Even that, may be a cause for debate. Many may feel that it's cruel to wield a cane, especially if we ourselves grew up with that experience in our childhood. Caning, as we know it, was what our own parents "treated" us to. Who can forget those painful, repetitive hits on our arms and legs, and at times on body too?

I can only say, we have had bad examples and suffered wrong executions. It is no fault of our dads & mums either, if they did that, as they didn't know better back then (probably learnt errantly from their own parents too). Caning, as explained by Pastor, should not be carried out in a wild temper, after you had lost your cool. The "rod of anger" will not hasten the positive results you so yearn for. Caning should be done in a calm and rational manner, as opposed to maniacal (repetitive) whipping. For Joseph, we always just give him one smart hit.

In fact, Pastor reiterates that when we discipline our children from a young age, it's easier to instil discipline later on. We could then probably adopt some of Supernany's methods for our older children.

For me, watching Supernanny merely serves as a reference point. I do believe in the bible's teaching of using the rod of correction. Supernanny opens my eyes to what I do NOT want Joseph to become. Above all, it shows me that I really need the Lord's grace and given wisdom to deal fairly and correctly with my child.

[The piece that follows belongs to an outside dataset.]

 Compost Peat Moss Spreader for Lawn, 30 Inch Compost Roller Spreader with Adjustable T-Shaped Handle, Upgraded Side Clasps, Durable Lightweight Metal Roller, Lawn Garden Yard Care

My dear Jesus, I know You love Joseph far more than me. May I allow Your divine partnering in bringing up this child in the ways of the Lord, amen!

Thursday, May 04, 2006

Plans And Decisions


Decisions, decisions, decisions... a job interview I went to two weeks ago yielded positive results yesterday. I was selected but I wasn't too thrilled. Why? They will not meet my expected salary, that's why. This morning I called back and told the HR staff to give me a few more days to re-consider. Besides not getting the salary I want, the job's fine, they're willing to wait till I'm ready to start work in mid-June, it's five-day week and all that, plus benefits, etc. Except that I have to run around the island, but hey, if I'm getting well-paid for my efforts, I don't mind all this travelling, it just requires some delicate balancing on my part, as I'll need to have sufficient time to drop off and pick up Joseph from the childcare centre.

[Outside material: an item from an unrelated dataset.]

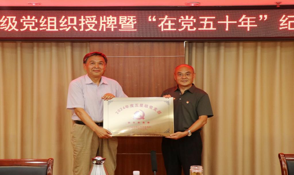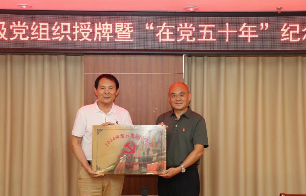 随后,李长河副书记为2024年度五星级党组织授牌。“光荣在党50年”纪念章颁发环节成为全场焦点,老党员们精神矍铄,在热烈的掌声中依次上台,接受纪念章。这些老党员们在不同历史时期,为国家建设、单位发展奉献了自己的青春和力量。他们中,有的曾在艰苦的科研一线攻坚克难,有的在平凡的岗位上默默耕耘数十载。一枚枚纪念章,不仅是对他们50年如一日坚守初心、忠诚于党的最高礼赞,更是对年轻一代党员的生动教育。

Meanwhile I've got to make some fast plans, for Joseph, that is. I will need to re-enrol him for half-day school again, thence, on to full-day care the following month. William is happy to send Joseph back to centre "S" again, so I'm for it too. Okay, two weeks later, I should be able to get his paperwork done, and when he's all settled and quite happy to be with his teachers and little friends again, I will go job-a-hunting, la-la-la, if the current opening doesn't work out finally.


Lord help me, I'm a bit nervous after a two-year absence from the workforce, help me shed my self-consciousness, and trust Your hand to guide me along. You are my faithful Lord, amen!